Correlating location with function
A key advantage of this reconstruction method is the ability to correlate functional neural activity with several anatomical locations for extensive mapping studies across animals. In this study, the spatial organization of three general frequency laminae within the central nucleus of the IC (ICC) across animals was reconstructed from the neurophysiological and anatomical data. In vivo experiments were conducted within a sound attenuating, electrically-shielded room, and controlled by a computer using TDT hardware (Tucker-Davis Technology, Alachua, FL) and custom software written in MATLAB (MathWorks, Natick, MA). The TDT-MATLAB system digitally generates acoustic stimuli at a 200 kHz D/A sampling rate (24 bit sigma-delta). Acoustic stimulation was presented via a speaker coupled with the left ear canal by a custom-made hollow ear bar. The speaker-ear bar system was calibrated by coupling the tip of the ear bar with a 0.25-in ACO Pacific condenser microphone (Belmont, CA) via a short plastic tube that represents the ear canal. The neural data was sampled at a rate of 25 kHz (16-bit), passed through analog DC-blocking and anti-aliasing filters up to 7.5 kHz, and later digitally filtered between 0.3 and 3 kHz for spike analysis.
Neural activity was recorded in response to 100 trials of 70 dB SPL, 50 ms duration (0.5 ms rise/fall ramp times) broadband noise (6 octaves centered at 5 kHz) and post-stimulus time histograms were plotted for visualization.
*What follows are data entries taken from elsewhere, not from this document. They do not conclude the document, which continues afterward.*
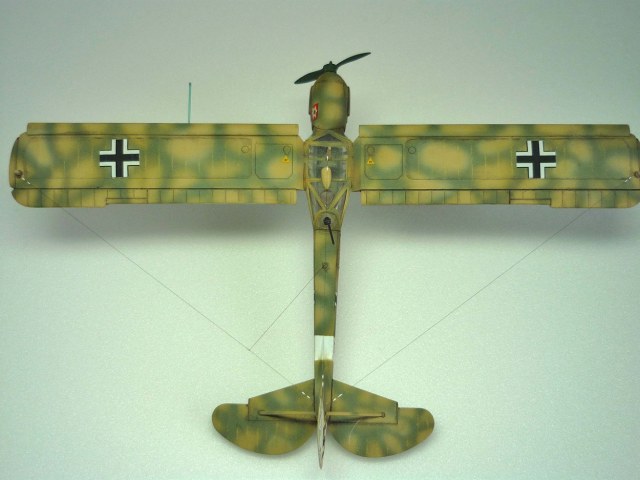 Да кто-ж спорит-то! Только лично я и половны этих наворотов на своем воспроизвести не смог. Он ведь даже для 72-го маловат, этот аист! В коробке кстати есть вариант сборки французского Моран-Солнье, только инструкция об этом стыдливо молчит. Плюс в коробочке имеем кюбельваген одного из известных асов мессера-109, не имеющий к борту никакого отношения. Сам я споткнулся на 2-х вещах: попытка детализировать двигатель привела к покупке полезного в хозяйстве инструмента (гравера, мини-дрели), и не смог воспроизвести истинный камо аэрографом (уж больно тонкие и и частые полосочки на оригинале). Видимо буду кистью...
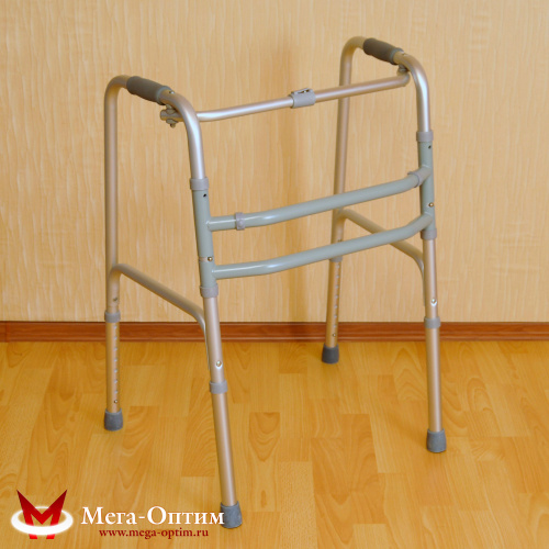 и усиленной двойной центральной рамы. Ходунки изготовлены из анодированных алюминиевых трубок, с лаковым защитным покрытием. Надежная фиксация в сложенном и разложенном виде обеспечивается кнопочными замками, простыми, удобными и безопасными в обращении. На боковых опорах установлены мягкие поручни. Высота опоры регулируется
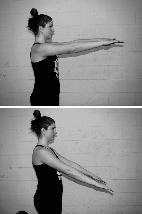 1b. 荷重するため、軽量のダンベルやケトルベルを持って、胸骨の前に保持します。その状態で1aのドリルを行ってください。2セット5〜10レップ程度行いましょう。簡単に行えるべきです。
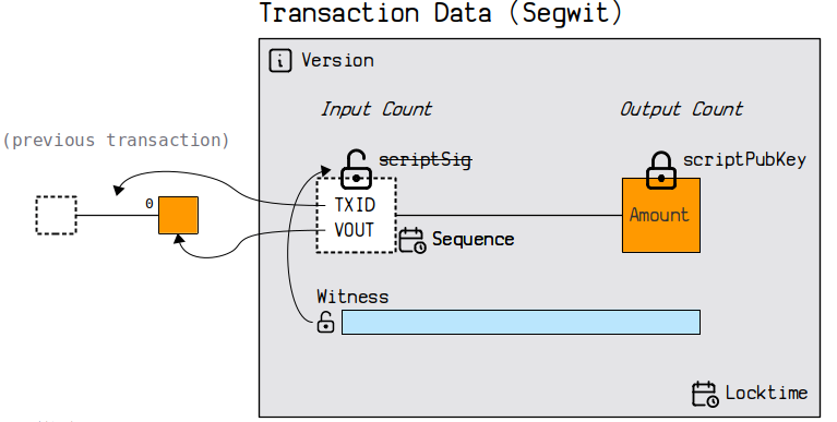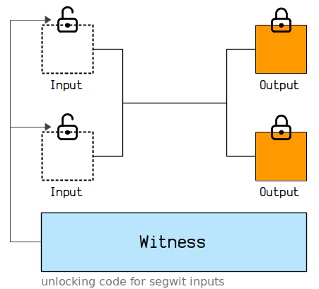 通过上图和原有的比特币交易图对比,增加了Witness部分的内容,这部分是的解锁代码。而且Witness部分的数据是存储在1M之外的扩展数据区里面。
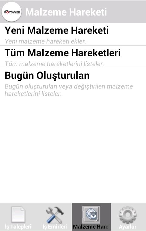 Dengan aplikasi ini, Anda akan dapat menggunakan permintaan pekerjaan dan fungsi perintah kerja, yang merupakan salah satu fungsi utama dari program BoysWeb, pada perangkat berbasis Android.

Additionally, frequency response maps were plotted by varying 50 ms (5 ms rise/fall ramp times) pure tones (1–40 kHz in 8 steps/octave) from 0 to 70 dB SPL and recording the normalized spike rates for four trials of each stimulus (Figure 8). The spike rate was calculated by finding when the voltage exceeded 3.5 standard deviations above the noise floor within a window of 5–65 ms following the onset of the acoustic stimulus. The best frequency (BF) of each electrode site was determined by taking the centroid of activity across frequencies at 10 dB above the visually-identified threshold level. This BF measure was used instead of characteristic frequency (i.e., frequency corresponding to the maximum activity at threshold) because it was less susceptible to noise and more consistent with what was visually estimated from the frequency response maps.
Results
The first validation of our method was to qualitatively compare our computer model (Figures 3E and F) of the midbrain to images of the midbrain taken a day before slicing. Overlaying our reconstruction on the fixed midbrain (dorsal view shown in Figures 3A and B and lateral view in Figures 3C and D) shows a close correspondence in shape and size of the midbrain. We also quantified the errors associated with the reconstruction process, starting with the accuracy of aligning slices. Another major source of error is due to the subjectivity involved with tracing and aligning the different slices together. Four trained individuals independently reconstructed the same midbrain and we calculated the variation in electrode and reference track locations across slices and for a fully reconstructed midbrain. When normalizing across different midbrains, there is the additional variation of midbrain size and shape that cannot be avoided. Even with this animal variation, we were able to consistently reconstruct several frequency laminae of the ICC across three different animals.
Alignment error: analysis of electrode shank best fit lines
The accuracy of aligning slices throughout a brain was determined by analyzing the variability in electrode shank points from the best fit line placed through them. Sources of error include tissue deformation while slicing and mounting the sections on slides and manually determining electrode shank locations. Twelve total electrode shanks were randomly chosen from three brains for the analysis. For each electrode shank location within a slice, a perpendicular line was drawn from the placement to the best fit line and measured. Across all of the placements, we found an average distance of 31 μm (standard deviation (σ) = 21 μm, maximum = 260 μm). A distribution of the measured distances (Figure 9) encouragingly shows that ~75% of the electrode shank locations are within 50 μm of their best fit line.
Single slice error: selection of electrode and reference points
The second analysis performed was to quantify the error of different individuals reconstructing slices and choosing the locations of electrode and reference points (Figure 10). Variations in measurements arise from several sources. For example, the Di-I diffuses through the tissue and the trained individual has to estimate the center of the electrode or reference point. Additionally, the reference needle can cause tearing in the surrounding tissue requiring subjective estimation of the center of the reference point. In order to quantify the individual variation, four individuals reconstructed the same five slices of a midbrain independently. Each slice consisted of three placements of the bi-shank electrode (for a total of six electrode points) and three reference points. The tracings for each slice were then superimposed directly on top of each other by aligning the frame used in Rhinoceros for tracing the slices and the distance between corresponding points across the four individuals were measured. The electrode placements were found to have an average distance of 12 μm (σ = 9 μm, maximum = 61 μm) across all the points and slices. As expected, the reference points had a larger average error of 18 μm (σ = 13 μm, maximum = 61 μm). Consistent localization of reference points is especially important as all of the slices are aligned according to these three points.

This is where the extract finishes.